There’s not many that would disagree with that - but just because that appears to be true, doesn’t mean we should just chalk fu.ck on it and leave if it means we will actually suffer because of it. There’s plenty of folk died due to their principles or pride. We’d be leaving just because we can. Nose and face situation. My opinion is that the eu is hugely flawed but that we are much better in it where the beast can in part be controlled, than out of it but subject to its regulations. I’d have stayed anyway - I’ve been clear on that - but in the current circumstances I don’t see a viable option to walk away at all.

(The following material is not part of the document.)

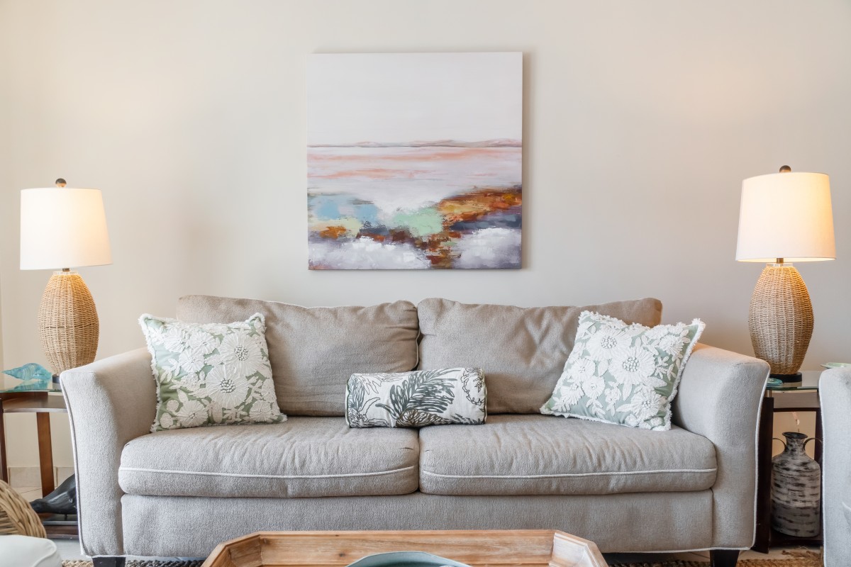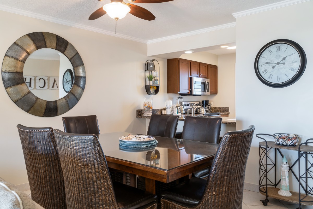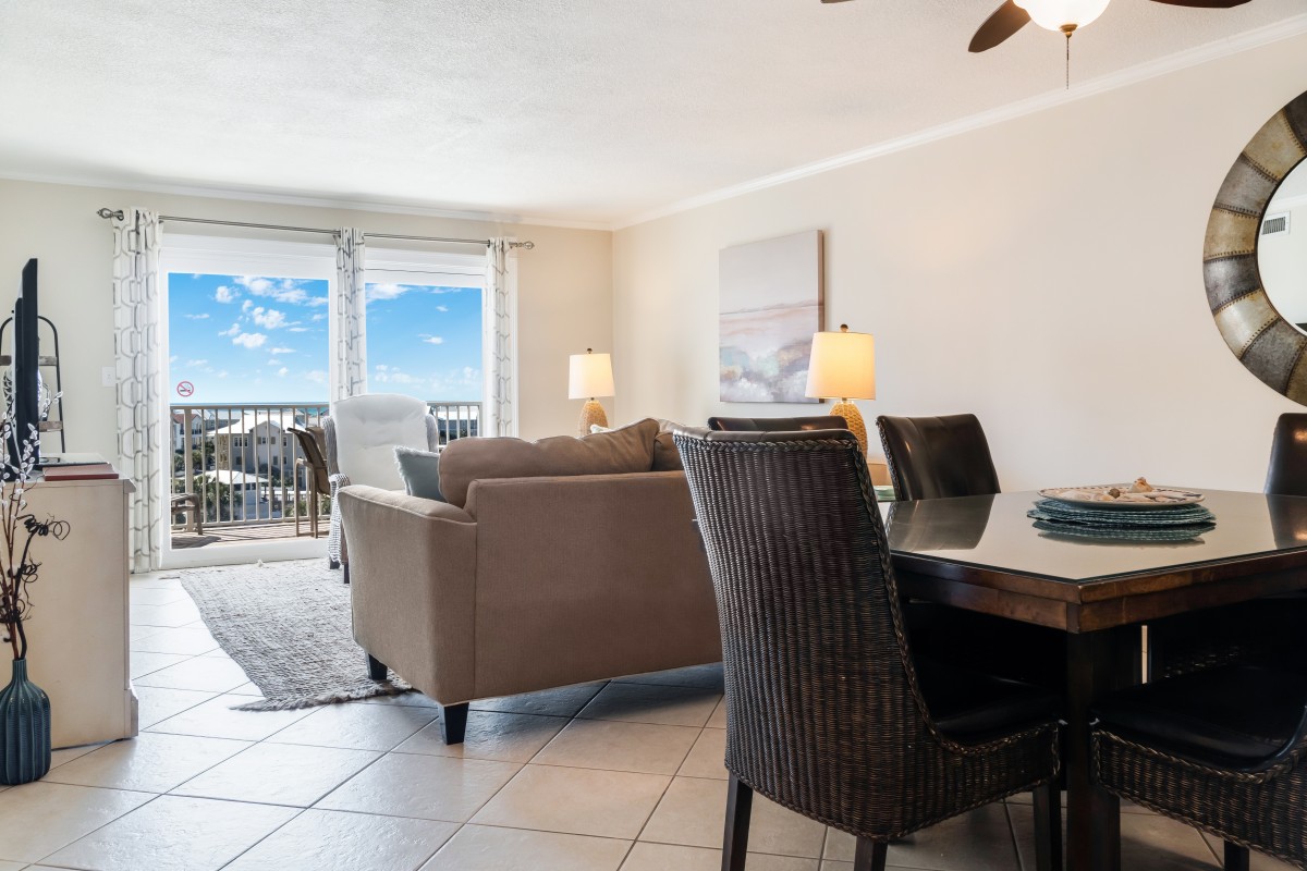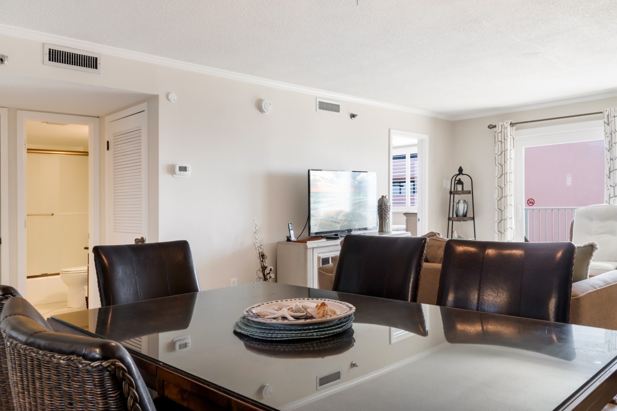 Living & Dining Area: The spacious living room welcomes you with comfortable seating, a large flat-screen TV and tasteful decor, creating a cozy retreat for relaxation after a day at the beach. The sofa easily converts into a sleeper, providing comfortable accommodation for additional guests. The dining area offers an inviting table, perfect for gathering around for breakfast, lunch or dinner. We also offer a private balcony, where you can unwind with breathtaking views, refreshing sea breezes, and Destin’s stunning sunsets. Throughout the summer months, there are spectacular views of the fireworks over the water on a weekly basis.

The problem though is where we are now. The referendum was close and different people voted leave for different reasons (same goes for remain - personally I voted remain because my view was the advantages of the EU outweighed the disadvantages - you are the other way round and thats fine. Unfortunately instead of perusing a pragmatic withdrawal - maybe done in stages and using the EFTA route the process has been hijacked by leave politicians who frankly weren't up to the job and aided by a prime minister who believes Brexit is the wrong choice but persued it in the interests of the Tory party (and possibly a genuine respect for the vote though I am less convinced about that). The internal divisions in the Tory party with in particular the ERG persuing an extreme Brexit far beyond any suggested in the referendum campaign have got us to where we are now. I haven't read the withdrawal agreement and am unlikely to ever read more than select snippets but can someone from leave explain why its so bad from their viewpoint and what realistically could be better? Given our red lines of ending the freedom for UK citizens to live and work in the rest of Europe and the setting up of an independent committee rather than the ECJ to have juristiction going forwards are met, and probably the best fudge we can hope for on Northern Ireland if we are set on leaving the customs union What precisely is wrong from a leave point of view with the exit agreement Bear in mind this is a temporary agreement to give us time to negotiate a new deal with Europe ( almost certainly on inferior terms to now ) and attempt to get better deals with 3rd countries than we have already via the EU ( unlikely to happen ) what is wrong with it that can realistically be changed. The Nuclear option of leaving with no deal generates far more short term problems that even Rees Mogg mentioned would take 50 years to recover from so to me that is a stupid route - unless you are in the small minority poised to make money from the carnage. By the way can someone explain to me why leaving the customs union is a good thing because I just dont see it
Except for the Czech Republic and Slovakia (peacefully), and the former Yugoslavia (not so peacefully). All of whom have separated from a union of countries within recent memory (and are now within the EU) There are also plenty of experts in negotiating trade deals, and every other aspect of modern integrated international business and life. Unfortunately, as we finding out these are all on the EU side as we outsourced competency for this over the last 40 years. Even many of the UK-born experts in the field are working for the EU.